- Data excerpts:
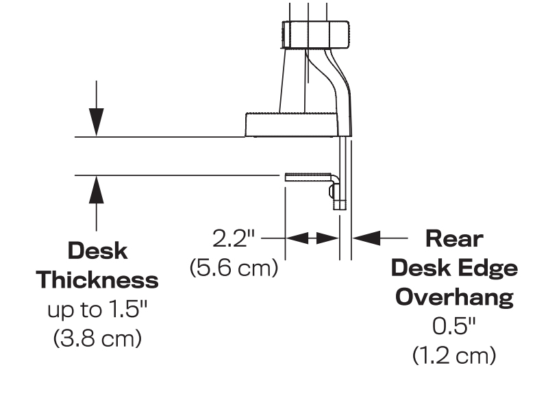 - Select the Optimal Mounting Location - Since the E5 Triple Dynamic Pole Monitor Arm comes with a 2-in-1 configurable top down mount, you have two options when it comes to mounting your monitor arm. Most people choose the desk clamping option but this only works if your desk has a lip on the mounting side and average depth (24-30"). Otherwise, a grommet mount is the next best option. You need a grommet hole of at least 2.25" diameter for the grommet mount to work, whereas the through mount requires that you drill a small hole in the desk to bolt the mount through the desk to secure it. You may want to roughly position the mount in different locations at first to get an idea of where the movement of the arm is optimal and then decide on which mounting option works best at that location.
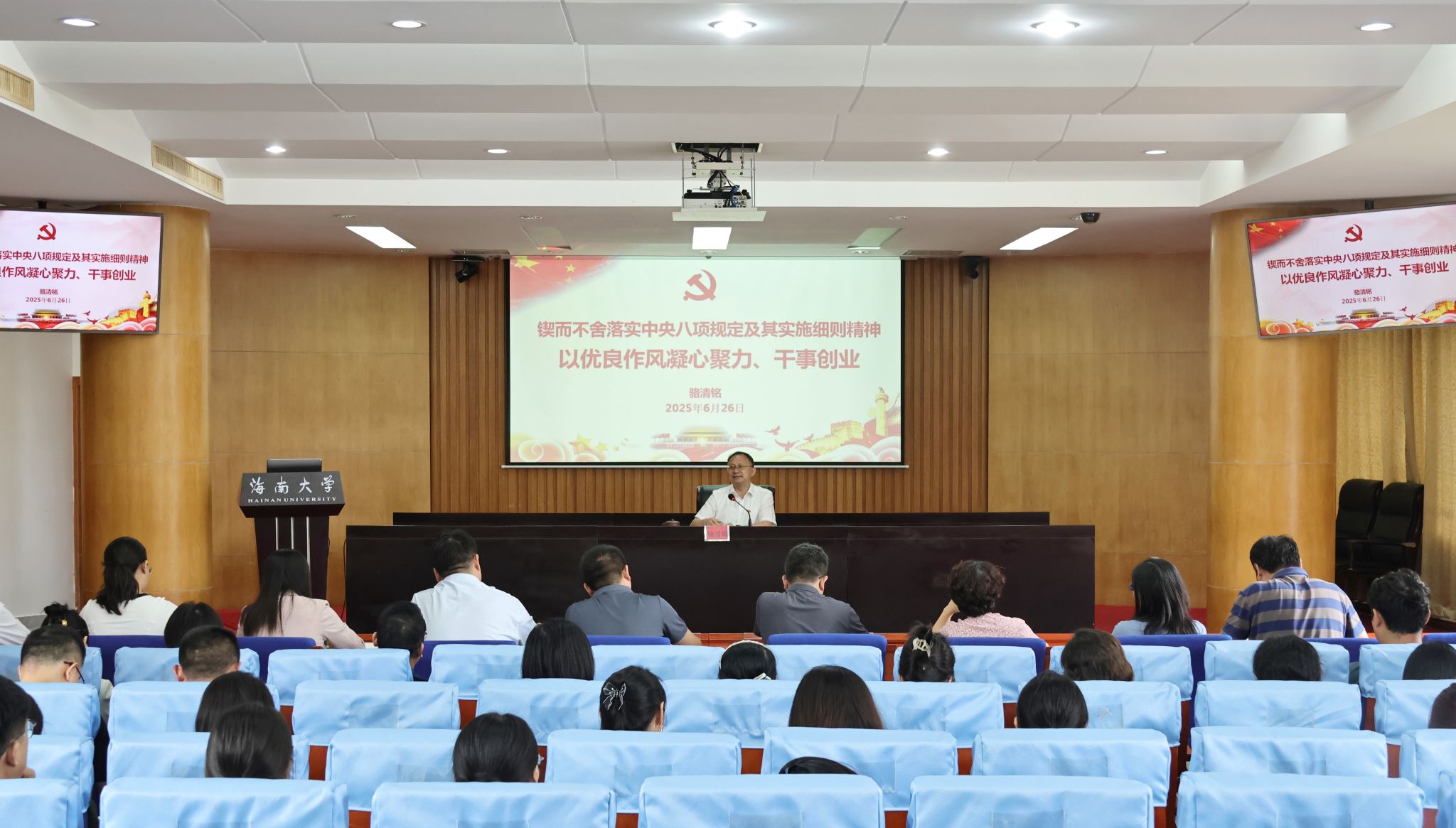 本站讯(记者 郑润泽 邰茜)6月26日上午,Beat365官方网站党委副书记、校长骆清铭在办公楼一楼报告厅以《锲而不舍落实中央八项规定及其实施细则精神 以优良作风凝心聚力、干事创业》为题讲授专题党课。6月26日上午,骆清铭在办公楼一楼报告厅讲授专题党课。邱采奕 摄骆清铭指出,要认真学习领会习近平总书记关于加强党的作风建设的重要论述,深入贯彻落实中央八项规定及其实施细则精神,系统学习党的十八大以来深入贯彻中央八项规定精神的成效和经验,...
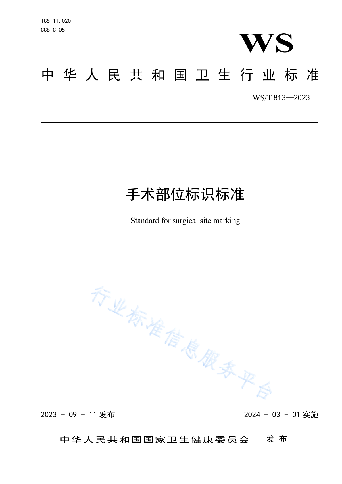 该标准规定了手术部位标识的原则、人员、时间、工具和方式等内容,适用于开展手术的各级各类医疗机构。有创操作部位标识可参照执行。
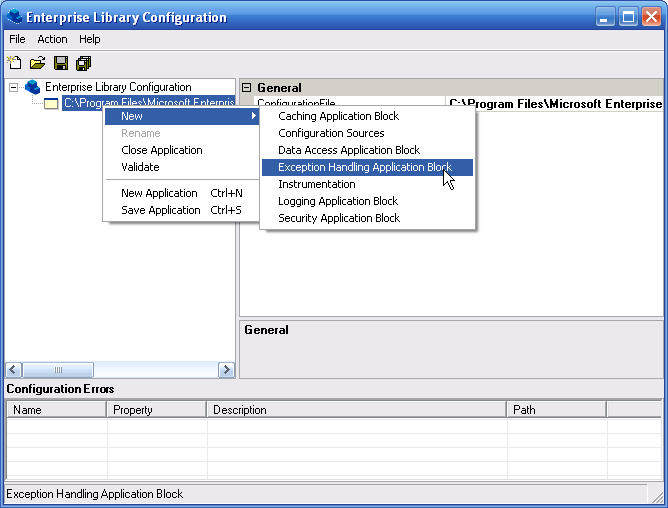 1.右擊應用程序并選擇New | Exception Handling Application Block。
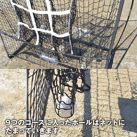 また、ターゲットとなる9つのコースの左右と下部もネットになっており、仮にボールが逸れても左右なら収納、下部なら跳ね返ってくるため、練習効率が大幅にアップし、集中して投球練習に取り組むことができます。
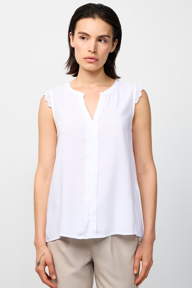 Top à mancherons en dentelle.
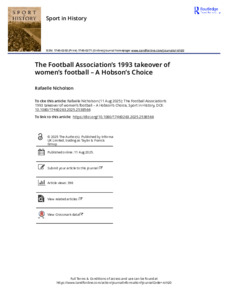 The Football Association s 1993 takeover of women s football A Hobson s Choice.pdf - Published Version Available under License Creative Commons Attribution Non-commercial No Derivatives. 731kB |
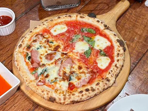 義式手工披薩絕對是薄多義的招牌,強烈建議必點!如果想一次嚐到不同口味,不妨試試雙拼披薩,六種口味任你挑選兩種,味蕾享受加倍!我們這次選擇了「瑪格麗特」和「德式香腸油漬番茄」兩款經典口味。
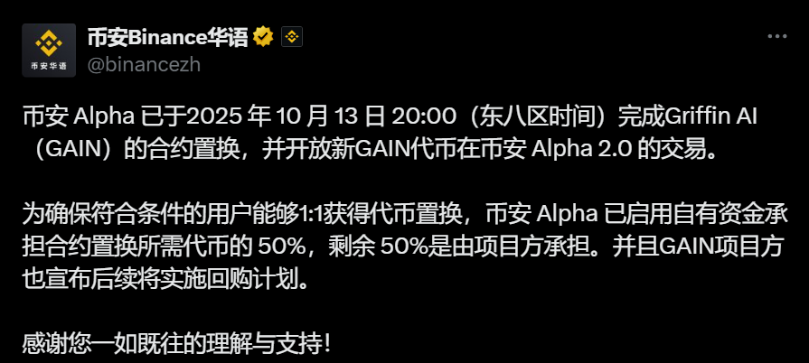 深潮 TechFlow 消息,10 月 14 日,据官方公告,币安 Alpha 已于2025 年 10 月 13 日 20:00(东八区时间)完成Griffin AI(GAIN)的合约置换,并开放新GAIN代币在币安 Alpha 2.0 的交易。为确保符合条件的用户能够1:1获得代币置换,币安 Alpha 已启用自有资金承担合约置换所需代币的 50%,剩余 50%是由项目方承担。并且GAIN项...
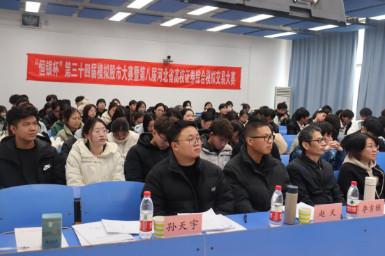12月7日上午,william威廉中文官网第三十四届模拟股市大赛暨第八届河北省高校证券综合模拟交易大赛团体赛决赛及闭幕式顺利举行。恒银期货有限公司副总经理张南、投教部主任张琼一,中国农业银行雄安分行孙天宇、安东石油财务部尹皓男、河北农业大学副教授赵天,公司教授李吉栋担任评委,william威廉中文官网相关领导及教师出席。william威廉中文官网副经理窦丽琛主持。
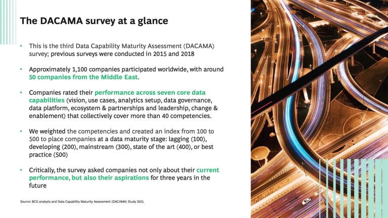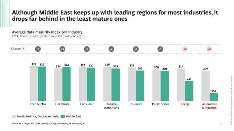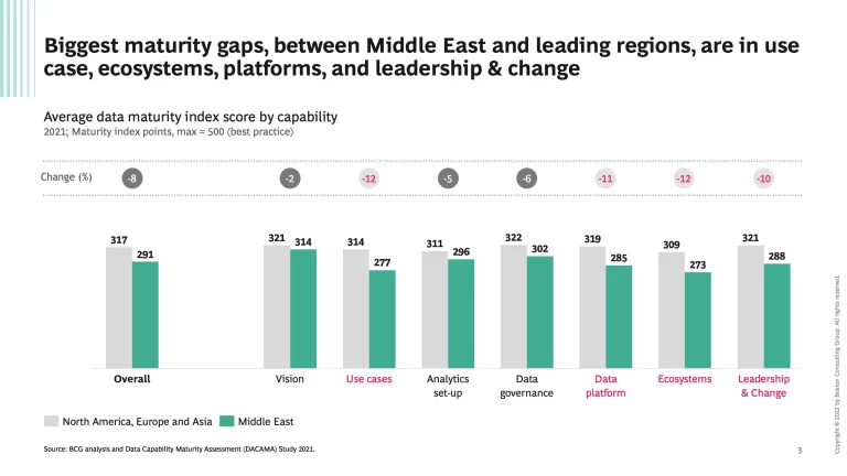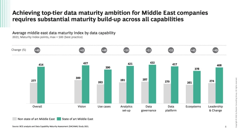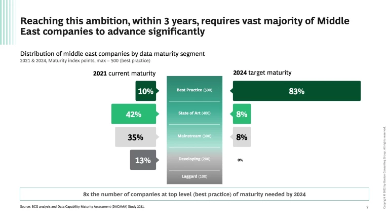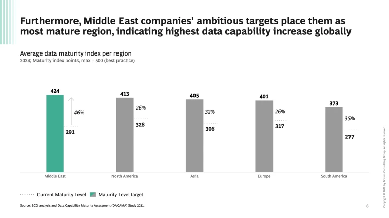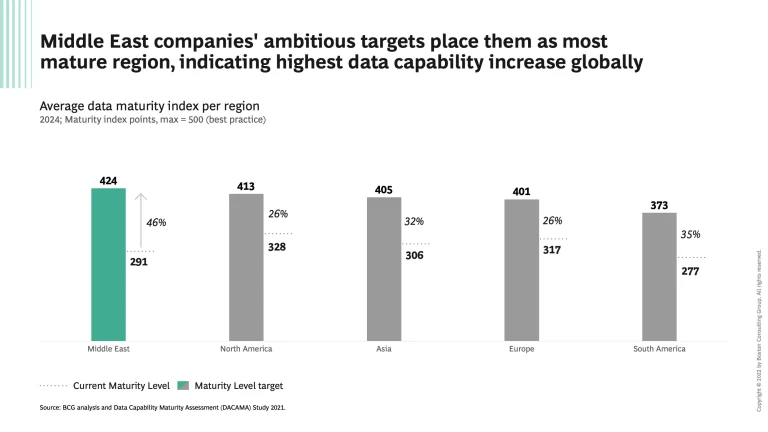 Data maturity is the next top-priority strategic agenda item as companies worldwide continue the pursue higher data maturity scores in order to grow and meet their business models and commercial ambitions. As indicated by our recent survey, nowhere is data maturity more important than in the Middle East as companies tend to be data competitive in some areas but data lacking in others, and there is a material gap compared to global best-practices. Success in the region will require a comprehensive, bold but balanced approach, to indeed become data maturity trailblazers.

- EXERCISE DETAILS: Start at the line containing "また、ターゲットとなる9つの" above and stop at the line containing "12月7日上午,willia". Output those lines exactly, both included, but none of the pictures.

- RESULT OF THE TASK:
 また、ターゲットとなる9つのコースの左右と下部もネットになっており、仮にボールが逸れても左右なら収納、下部なら跳ね返ってくるため、練習効率が大幅にアップし、集中して投球練習に取り組むことができます。
 Top à mancherons en dentelle.
 The Football Association s 1993 takeover of women s football A Hobson s Choice.pdf - Published Version Available under License Creative Commons Attribution Non-commercial No Derivatives. 731kB |
 義式手工披薩絕對是薄多義的招牌,強烈建議必點!如果想一次嚐到不同口味,不妨試試雙拼披薩,六種口味任你挑選兩種,味蕾享受加倍!我們這次選擇了「瑪格麗特」和「德式香腸油漬番茄」兩款經典口味。
 深潮 TechFlow 消息,10 月 14 日,据官方公告,币安 Alpha 已于2025 年 10 月 13 日 20:00(东八区时间)完成Griffin AI(GAIN)的合约置换,并开放新GAIN代币在币安 Alpha 2.0 的交易。为确保符合条件的用户能够1:1获得代币置换,币安 Alpha 已启用自有资金承担合约置换所需代币的 50%,剩余 50%是由项目方承担。并且GAIN项...
12月7日上午,william威廉中文官网第三十四届模拟股市大赛暨第八届河北省高校证券综合模拟交易大赛团体赛决赛及闭幕式顺利举行。恒银期货有限公司副总经理张南、投教部主任张琼一,中国农业银行雄安分行孙天宇、安东石油财务部尹皓男、河北农业大学副教授赵天,公司教授李吉栋担任评委,william威廉中文官网相关领导及教师出席。william威廉中文官网副经理窦丽琛主持。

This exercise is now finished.